WHAT NEEDS TO BE DONE =
I'd like an exact copy of every line from the start of the entries below through the line containing "Motorová jednotka série 813 - Bageta", please.

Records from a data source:
++++++++

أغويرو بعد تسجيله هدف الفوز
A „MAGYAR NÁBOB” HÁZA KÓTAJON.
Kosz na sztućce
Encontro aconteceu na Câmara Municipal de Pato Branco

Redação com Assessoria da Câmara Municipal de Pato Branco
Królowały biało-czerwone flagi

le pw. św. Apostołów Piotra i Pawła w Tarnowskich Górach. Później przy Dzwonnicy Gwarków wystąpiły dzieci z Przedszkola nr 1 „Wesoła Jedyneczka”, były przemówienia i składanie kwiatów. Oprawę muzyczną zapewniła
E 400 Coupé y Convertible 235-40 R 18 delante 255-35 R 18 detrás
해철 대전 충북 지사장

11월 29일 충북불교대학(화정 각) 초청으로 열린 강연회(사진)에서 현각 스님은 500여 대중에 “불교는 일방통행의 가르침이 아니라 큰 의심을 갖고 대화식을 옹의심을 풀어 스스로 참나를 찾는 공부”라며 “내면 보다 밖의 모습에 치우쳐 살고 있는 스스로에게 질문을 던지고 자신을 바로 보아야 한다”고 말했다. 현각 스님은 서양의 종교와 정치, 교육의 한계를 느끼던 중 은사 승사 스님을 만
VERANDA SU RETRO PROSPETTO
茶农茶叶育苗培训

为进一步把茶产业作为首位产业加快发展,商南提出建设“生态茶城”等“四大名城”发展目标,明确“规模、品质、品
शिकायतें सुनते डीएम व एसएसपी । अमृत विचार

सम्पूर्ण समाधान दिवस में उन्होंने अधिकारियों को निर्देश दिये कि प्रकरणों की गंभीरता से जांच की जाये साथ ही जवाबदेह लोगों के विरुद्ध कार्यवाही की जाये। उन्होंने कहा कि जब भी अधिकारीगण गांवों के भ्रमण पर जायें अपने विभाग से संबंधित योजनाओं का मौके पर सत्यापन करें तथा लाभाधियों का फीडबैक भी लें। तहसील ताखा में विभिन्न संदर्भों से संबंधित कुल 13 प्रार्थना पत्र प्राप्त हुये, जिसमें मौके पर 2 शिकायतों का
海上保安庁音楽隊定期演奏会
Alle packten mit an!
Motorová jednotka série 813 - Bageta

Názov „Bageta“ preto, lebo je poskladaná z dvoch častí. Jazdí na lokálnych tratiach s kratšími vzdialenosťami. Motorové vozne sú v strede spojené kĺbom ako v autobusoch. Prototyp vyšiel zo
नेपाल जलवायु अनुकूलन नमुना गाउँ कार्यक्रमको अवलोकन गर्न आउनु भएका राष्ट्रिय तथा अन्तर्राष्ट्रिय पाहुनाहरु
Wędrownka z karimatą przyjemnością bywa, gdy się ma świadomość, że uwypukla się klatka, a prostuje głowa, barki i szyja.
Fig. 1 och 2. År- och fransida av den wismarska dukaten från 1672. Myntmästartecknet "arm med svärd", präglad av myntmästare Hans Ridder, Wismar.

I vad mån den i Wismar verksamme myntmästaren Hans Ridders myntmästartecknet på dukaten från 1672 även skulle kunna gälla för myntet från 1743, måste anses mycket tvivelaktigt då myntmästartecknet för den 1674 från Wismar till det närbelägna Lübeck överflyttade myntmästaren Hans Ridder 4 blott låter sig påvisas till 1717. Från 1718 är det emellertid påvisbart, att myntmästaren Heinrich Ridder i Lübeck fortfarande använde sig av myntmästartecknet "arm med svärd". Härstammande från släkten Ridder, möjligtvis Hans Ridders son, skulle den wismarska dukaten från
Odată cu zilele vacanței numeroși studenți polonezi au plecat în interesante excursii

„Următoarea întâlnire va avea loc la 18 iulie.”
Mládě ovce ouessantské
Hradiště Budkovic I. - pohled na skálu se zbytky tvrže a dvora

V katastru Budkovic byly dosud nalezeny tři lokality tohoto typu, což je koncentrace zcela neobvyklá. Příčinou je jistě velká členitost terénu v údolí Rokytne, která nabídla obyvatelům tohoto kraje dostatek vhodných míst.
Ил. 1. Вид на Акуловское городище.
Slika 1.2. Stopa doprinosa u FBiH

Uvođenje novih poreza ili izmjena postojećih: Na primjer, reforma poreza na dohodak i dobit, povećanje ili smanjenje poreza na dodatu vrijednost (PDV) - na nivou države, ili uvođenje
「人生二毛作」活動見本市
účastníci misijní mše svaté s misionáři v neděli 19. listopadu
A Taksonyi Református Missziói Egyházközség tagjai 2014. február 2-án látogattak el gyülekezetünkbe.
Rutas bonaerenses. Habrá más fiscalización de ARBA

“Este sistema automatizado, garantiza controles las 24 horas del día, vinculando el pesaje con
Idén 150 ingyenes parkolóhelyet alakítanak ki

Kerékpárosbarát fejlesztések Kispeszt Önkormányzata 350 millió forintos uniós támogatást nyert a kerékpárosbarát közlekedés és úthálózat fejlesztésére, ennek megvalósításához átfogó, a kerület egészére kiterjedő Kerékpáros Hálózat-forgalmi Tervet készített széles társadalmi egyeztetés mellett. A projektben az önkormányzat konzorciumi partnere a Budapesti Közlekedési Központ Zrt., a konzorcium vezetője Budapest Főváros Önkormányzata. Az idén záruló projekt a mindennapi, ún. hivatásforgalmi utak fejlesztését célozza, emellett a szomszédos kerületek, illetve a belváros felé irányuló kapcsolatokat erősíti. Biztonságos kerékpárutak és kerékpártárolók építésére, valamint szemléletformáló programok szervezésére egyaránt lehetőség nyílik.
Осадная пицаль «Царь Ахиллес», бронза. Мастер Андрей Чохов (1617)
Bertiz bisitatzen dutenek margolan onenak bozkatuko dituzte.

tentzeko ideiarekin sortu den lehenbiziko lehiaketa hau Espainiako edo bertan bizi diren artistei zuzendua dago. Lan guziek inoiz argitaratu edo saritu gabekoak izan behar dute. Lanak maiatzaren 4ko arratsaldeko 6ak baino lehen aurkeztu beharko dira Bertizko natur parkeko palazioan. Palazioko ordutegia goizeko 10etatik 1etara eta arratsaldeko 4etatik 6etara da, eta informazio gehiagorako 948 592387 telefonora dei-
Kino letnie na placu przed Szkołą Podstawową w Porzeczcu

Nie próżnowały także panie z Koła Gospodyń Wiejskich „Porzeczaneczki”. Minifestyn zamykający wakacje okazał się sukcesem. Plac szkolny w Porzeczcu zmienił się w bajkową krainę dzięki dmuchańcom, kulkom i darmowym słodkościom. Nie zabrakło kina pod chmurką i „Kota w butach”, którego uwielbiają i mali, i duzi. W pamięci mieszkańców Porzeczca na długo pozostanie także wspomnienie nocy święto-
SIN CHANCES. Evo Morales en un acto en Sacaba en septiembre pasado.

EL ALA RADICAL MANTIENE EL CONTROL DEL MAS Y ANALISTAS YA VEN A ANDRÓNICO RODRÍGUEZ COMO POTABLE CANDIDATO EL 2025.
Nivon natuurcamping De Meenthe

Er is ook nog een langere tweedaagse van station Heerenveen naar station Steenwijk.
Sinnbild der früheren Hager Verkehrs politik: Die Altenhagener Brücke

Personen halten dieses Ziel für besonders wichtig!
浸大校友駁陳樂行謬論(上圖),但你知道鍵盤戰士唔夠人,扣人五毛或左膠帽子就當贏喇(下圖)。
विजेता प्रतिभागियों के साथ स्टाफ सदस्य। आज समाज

++++++++

ANSWER =
أغويرو بعد تسجيله هدف الفوز
A „MAGYAR NÁBOB” HÁZA KÓTAJON.
Kosz na sztućce
Encontro aconteceu na Câmara Municipal de Pato Branco

Redação com Assessoria da Câmara Municipal de Pato Branco
Królowały biało-czerwone flagi

le pw. św. Apostołów Piotra i Pawła w Tarnowskich Górach. Później przy Dzwonnicy Gwarków wystąpiły dzieci z Przedszkola nr 1 „Wesoła Jedyneczka”, były przemówienia i składanie kwiatów. Oprawę muzyczną zapewniła
E 400 Coupé y Convertible 235-40 R 18 delante 255-35 R 18 detrás
해철 대전 충북 지사장

11월 29일 충북불교대학(화정 각) 초청으로 열린 강연회(사진)에서 현각 스님은 500여 대중에 “불교는 일방통행의 가르침이 아니라 큰 의심을 갖고 대화식을 옹의심을 풀어 스스로 참나를 찾는 공부”라며 “내면 보다 밖의 모습에 치우쳐 살고 있는 스스로에게 질문을 던지고 자신을 바로 보아야 한다”고 말했다. 현각 스님은 서양의 종교와 정치, 교육의 한계를 느끼던 중 은사 승사 스님을 만
VERANDA SU RETRO PROSPETTO
茶农茶叶育苗培训

为进一步把茶产业作为首位产业加快发展,商南提出建设“生态茶城”等“四大名城”发展目标,明确“规模、品质、品
शिकायतें सुनते डीएम व एसएसपी । अमृत विचार

सम्पूर्ण समाधान दिवस में उन्होंने अधिकारियों को निर्देश दिये कि प्रकरणों की गंभीरता से जांच की जाये साथ ही जवाबदेह लोगों के विरुद्ध कार्यवाही की जाये। उन्होंने कहा कि जब भी अधिकारीगण गांवों के भ्रमण पर जायें अपने विभाग से संबंधित योजनाओं का मौके पर सत्यापन करें तथा लाभाधियों का फीडबैक भी लें। तहसील ताखा में विभिन्न संदर्भों से संबंधित कुल 13 प्रार्थना पत्र प्राप्त हुये, जिसमें मौके पर 2 शिकायतों का
海上保安庁音楽隊定期演奏会
Alle packten mit an!
Motorová jednotka série 813 - Bageta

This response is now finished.